*** Opening ENTRIES SUPPLIED ***
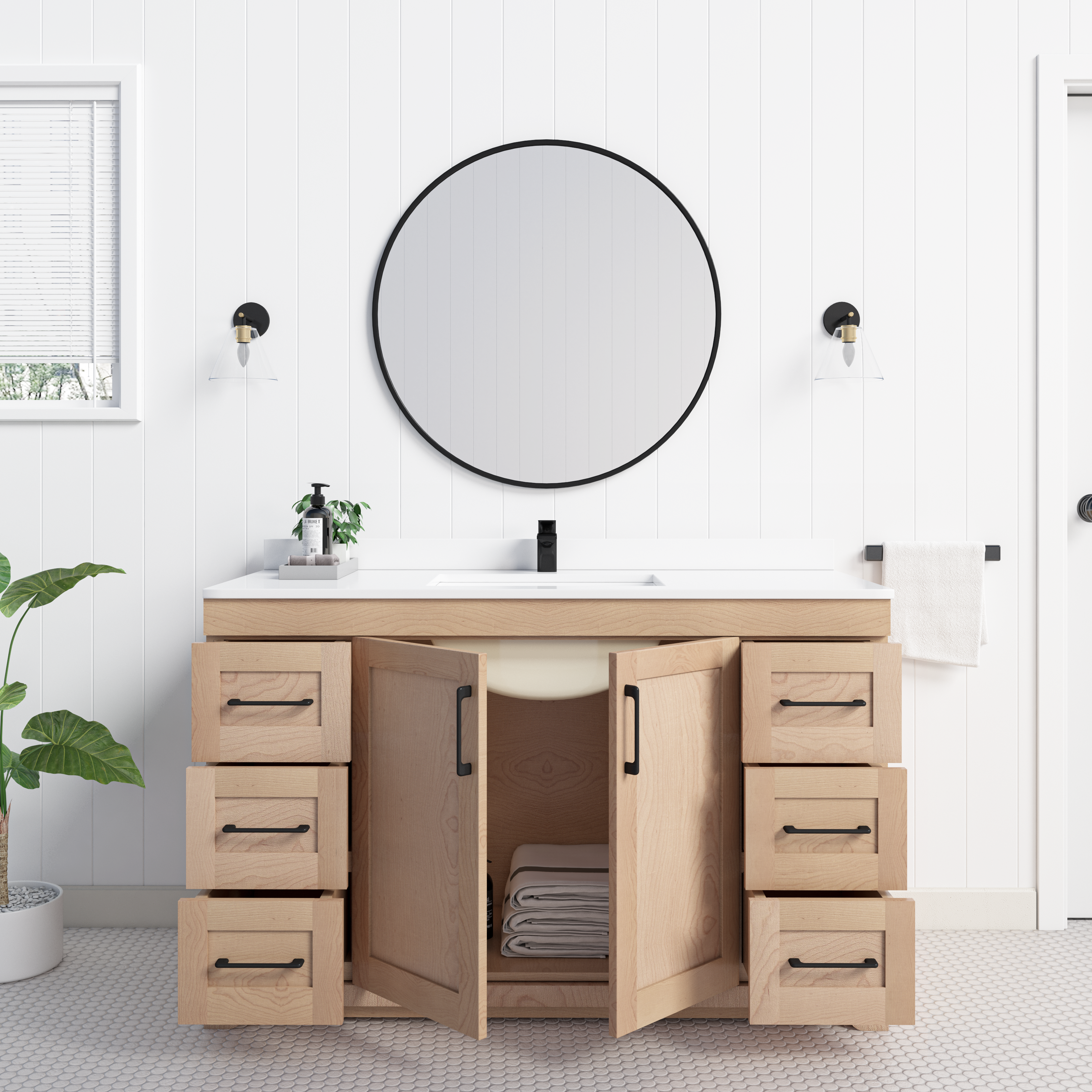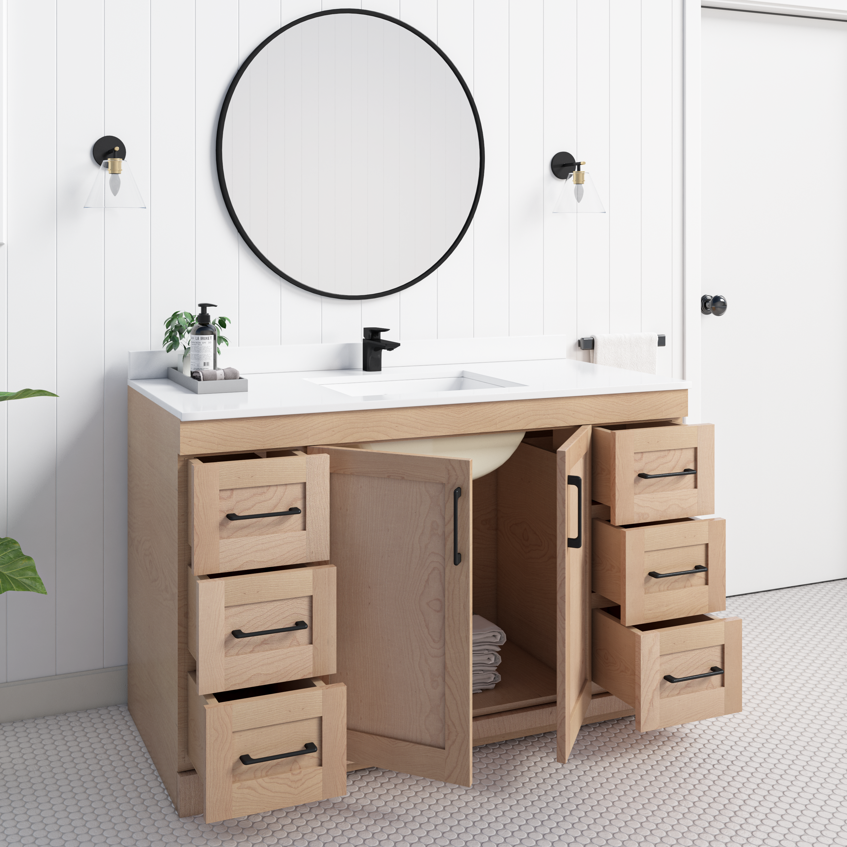 With wood construction and a natural maple finish, this series is sure to leave your bathroom looking modern and stylish. Boasting a 3cm pure quartz countertop, this unit is built to last and leave an impression. Fully soft closing drawers and doors are available on all sizes within this collection. The cabinet comes fully assembled and can be customized with countertop spacing and hardware options. Faucet and mirror not included.
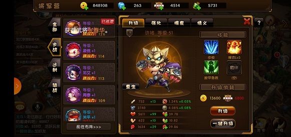武将分为输出和功能性两类,根据阵容可以带3、4个有三种兵种的核心输出将领,一般三个就够了。
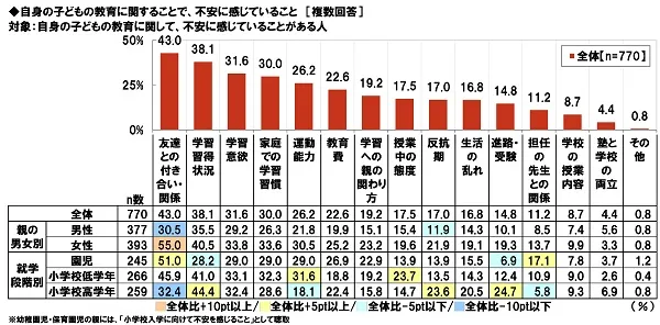 男女別にみると、男性では「学習習得状況」(35.5%)、女性では「友達との付き合い・関係」(55.0%)が最も高くなりました。パパが最も気になるのは学習面、ママが最も気になるのは友人関係ということがわかりました。
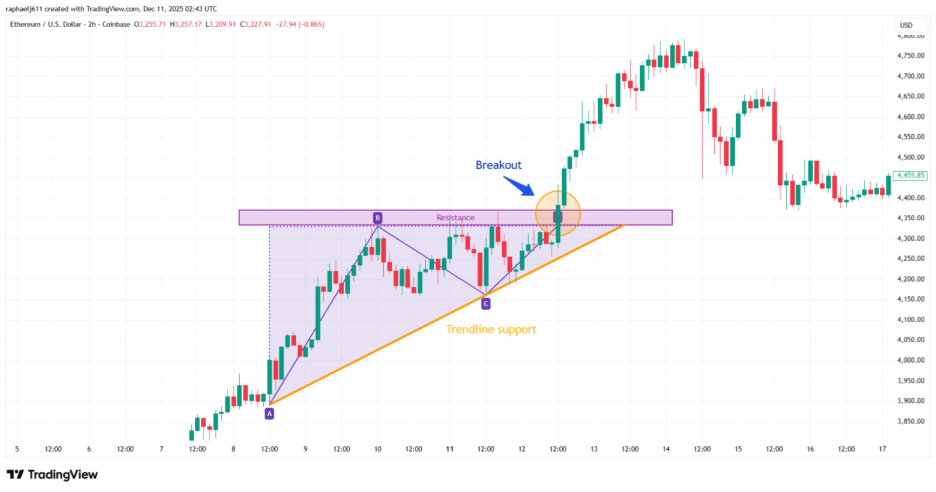 The ascending triangle pattern reflects this dynamic clearly: A horizontal ceiling of resistance where sellers repeatedly step in, and a rising floor of higher lows where buyers grow increasingly confident.
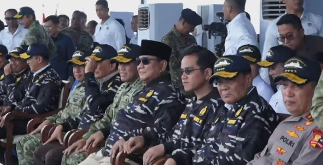 Acara ini digelar dalam kegiatan 'Presidential Inspection' menjelang HUT ke-80 TNI, Kamis (2/10/2025). Prabowo didampingi Wakil Presiden Gibran Rakabuming Raka, Menko Infrastruktur dan Kewilayahan Agus Harimurti Yudhoyono, Menko Polkam Djamari Chaniago, Menteri Kelautan dan Perikanan Sakti Waktu Trenggono, Menkomdogi Meutya Hafid, Mensesneg Prasetyo Hadi, Kepala BIN Herindra, Kapala Badan Komunikasi Pemerintah Angga Raka Prabowo, serta Seskab Teddy Indra Wijaya.
*** Closing ENTRIES SUPPLIED ***
▶ _AIM OF THE TASK_:
The reply must consist of the records, repeated exactly, minus any images.

▶ _ANSWER TO THE PROBLEM_:
 With wood construction and a natural maple finish, this series is sure to leave your bathroom looking modern and stylish. Boasting a 3cm pure quartz countertop, this unit is built to last and leave an impression. Fully soft closing drawers and doors are available on all sizes within this collection. The cabinet comes fully assembled and can be customized with countertop spacing and hardware options. Faucet and mirror not included.
武将分为输出和功能性两类,根据阵容可以带3、4个有三种兵种的核心输出将领,一般三个就够了。
 男女別にみると、男性では「学習習得状況」(35.5%)、女性では「友達との付き合い・関係」(55.0%)が最も高くなりました。パパが最も気になるのは学習面、ママが最も気になるのは友人関係ということがわかりました。
 The ascending triangle pattern reflects this dynamic clearly: A horizontal ceiling of resistance where sellers repeatedly step in, and a rising floor of higher lows where buyers grow increasingly confident.
 Acara ini digelar dalam kegiatan 'Presidential Inspection' menjelang HUT ke-80 TNI, Kamis (2/10/2025). Prabowo didampingi Wakil Presiden Gibran Rakabuming Raka, Menko Infrastruktur dan Kewilayahan Agus Harimurti Yudhoyono, Menko Polkam Djamari Chaniago, Menteri Kelautan dan Perikanan Sakti Waktu Trenggono, Menkomdogi Meutya Hafid, Mensesneg Prasetyo Hadi, Kepala BIN Herindra, Kapala Badan Komunikasi Pemerintah Angga Raka Prabowo, serta Seskab Teddy Indra Wijaya.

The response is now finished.